→ **What you will do**
Nothing but the lines below from the one holding "Infinity Loop Hoop" up to and including the one holding "눈앞에서 두 아들이 까맣게" should be copied, exactly and without pictures.

→ **Provided entries**

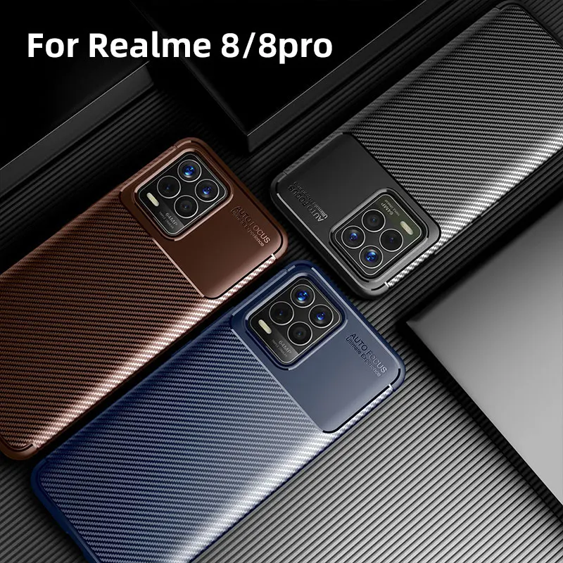 Противоударный мягкий чехол из углеродного волокна для Realme 8 6,4...
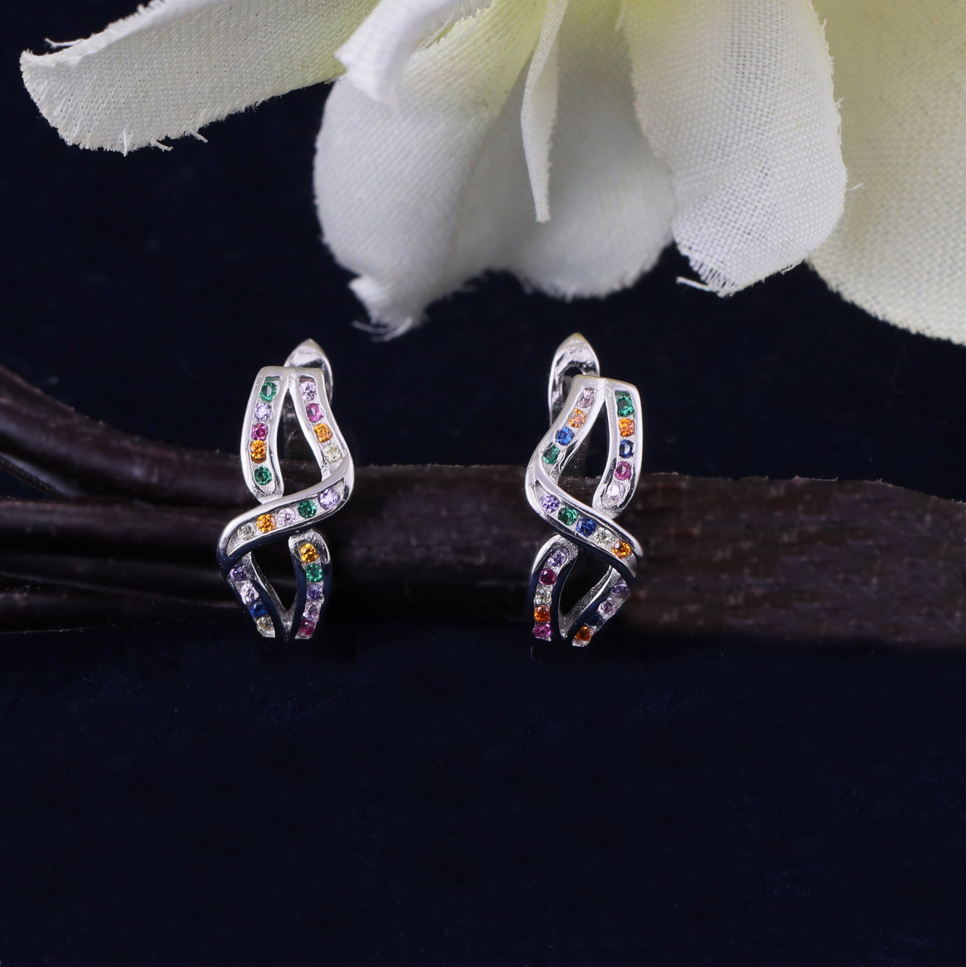 Infinity Loop Hoop Earrings with Multicolor Stones
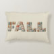 A cosy decorative pillow featuring the word “FALL” spelled out in bold faux quilted patchwork letters. Each letter is made of different fabric patterns in warm autumn tones like orange, brown, teal, and cream, creating a rustic farmhouse and seasonal feel.
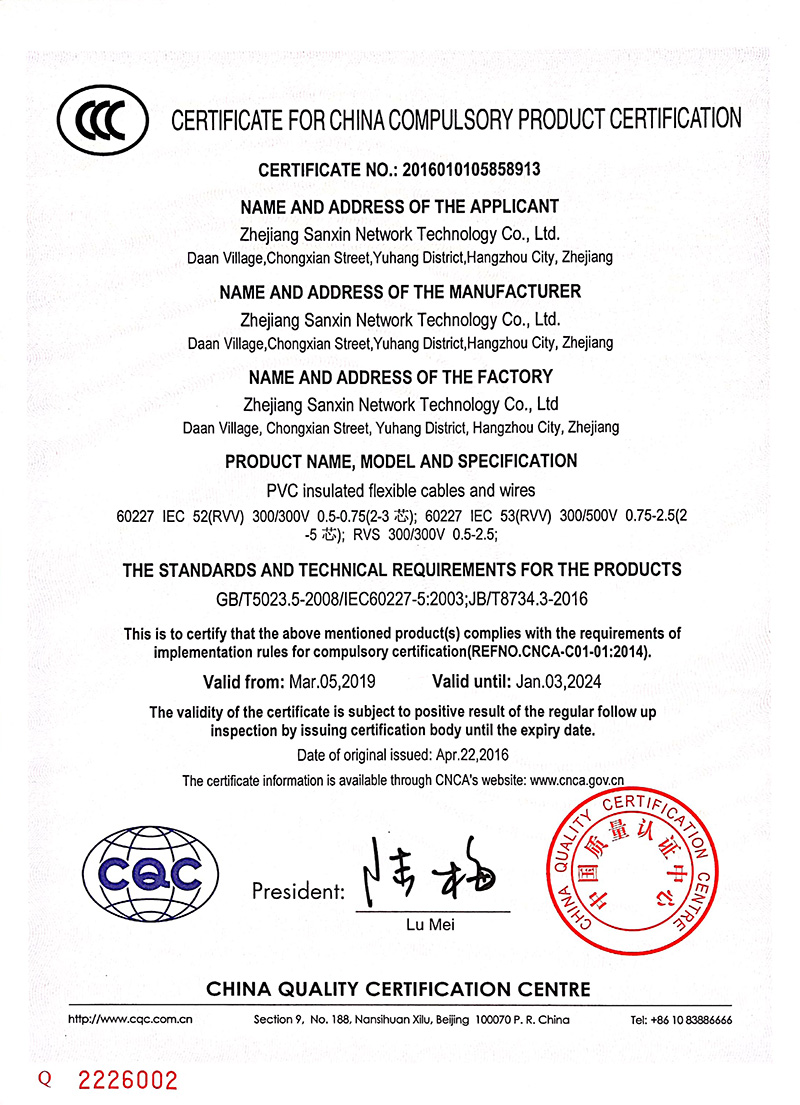 絕緣電(diàn)纜電(diàn)線國(guó)标認證-英文(wén)版
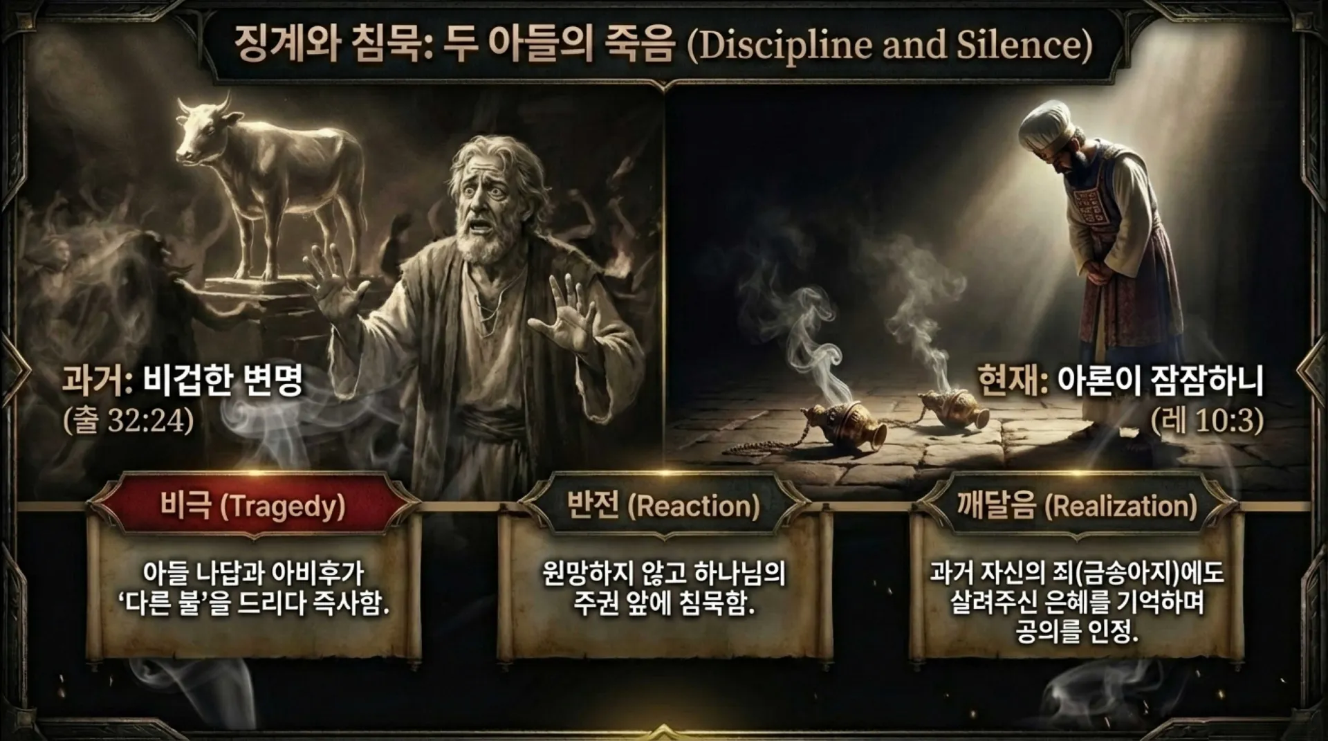 눈앞에서 두 아들이 까맣게 타 죽었다. 일반적인 아버지라면 가슴을 치며 하나님을 원망하고 모세에게 대들었을 것이다. 그러나 아론은 '잠잠했다'. 그는 우상을 만들어 이스라엘 전체를 멸망케 할 뻔했던 자신이 천 번 만 번 죽어 마땅한 죄인임에도 살려주신 하나님의 긍휼을 기억했다. 두 아들의 죽음이라는 피를 토하는 아픔 앞에서도 그는 하나님의 공의를 인정하고 모든 원망과 불평을 십자가에 못 박으며 철저히 침묵했다. 비겁했던 인간 아론이 내면의 혈기와 원망을 이겨내는 위대한 영적 승리의 순간이었다.
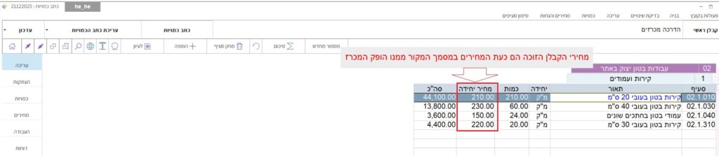 13. כעת נבצע העברה של מחירי הקבלן הזוכה מהשוואת ההצעות אל כתב הכמויות.
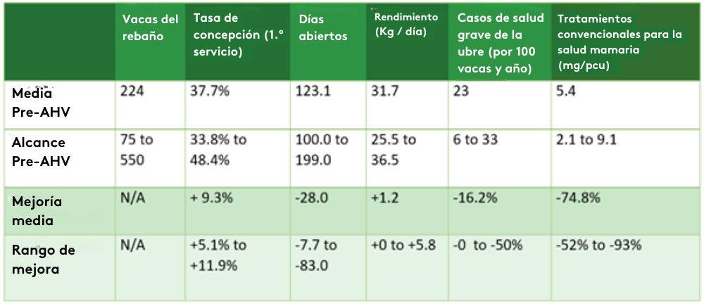 Esta evidencia indica que AHV ha sido pionero en un enfoque genuinamente revolucionario. Por primera vez, las vacas se someten a una limpieza proactiva y sostenible, lo que se traduce en rebaños más sanos y explotaciones más eficientes. El impacto de los métodos de AHV es evidente: menos problemas de salud y una mejora general del bienestar y el rendimiento.
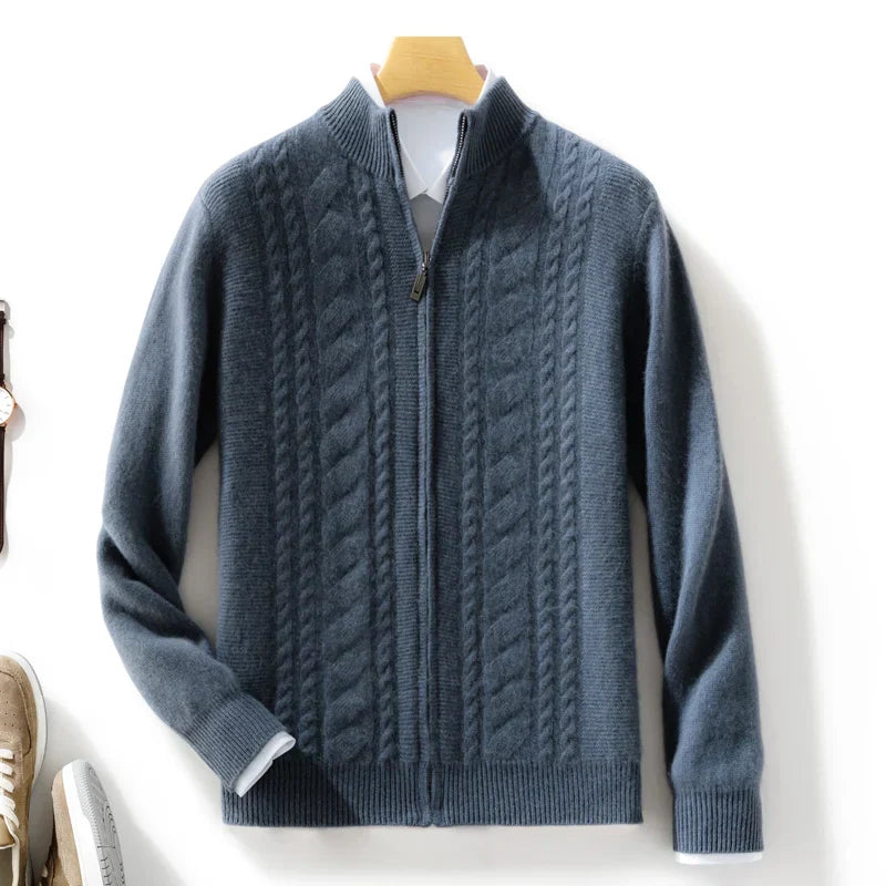 Crafted from premium cashmere the Lucian Cardigan provides a soft, breathable feel that delivers all-day comfort. Designed with a full zip front and subtle cable detailing, it strikes the balance between casual ease and elevated sophistication.

→ **Exercise response**
 Infinity Loop Hoop Earrings with Multicolor Stones
 A cosy decorative pillow featuring the word “FALL” spelled out in bold faux quilted patchwork letters. Each letter is made of different fabric patterns in warm autumn tones like orange, brown, teal, and cream, creating a rustic farmhouse and seasonal feel.
 絕緣電(diàn)纜電(diàn)線國(guó)标認證-英文(wén)版
 눈앞에서 두 아들이 까맣게 타 죽었다. 일반적인 아버지라면 가슴을 치며 하나님을 원망하고 모세에게 대들었을 것이다. 그러나 아론은 '잠잠했다'. 그는 우상을 만들어 이스라엘 전체를 멸망케 할 뻔했던 자신이 천 번 만 번 죽어 마땅한 죄인임에도 살려주신 하나님의 긍휼을 기억했다. 두 아들의 죽음이라는 피를 토하는 아픔 앞에서도 그는 하나님의 공의를 인정하고 모든 원망과 불평을 십자가에 못 박으며 철저히 침묵했다. 비겁했던 인간 아론이 내면의 혈기와 원망을 이겨내는 위대한 영적 승리의 순간이었다.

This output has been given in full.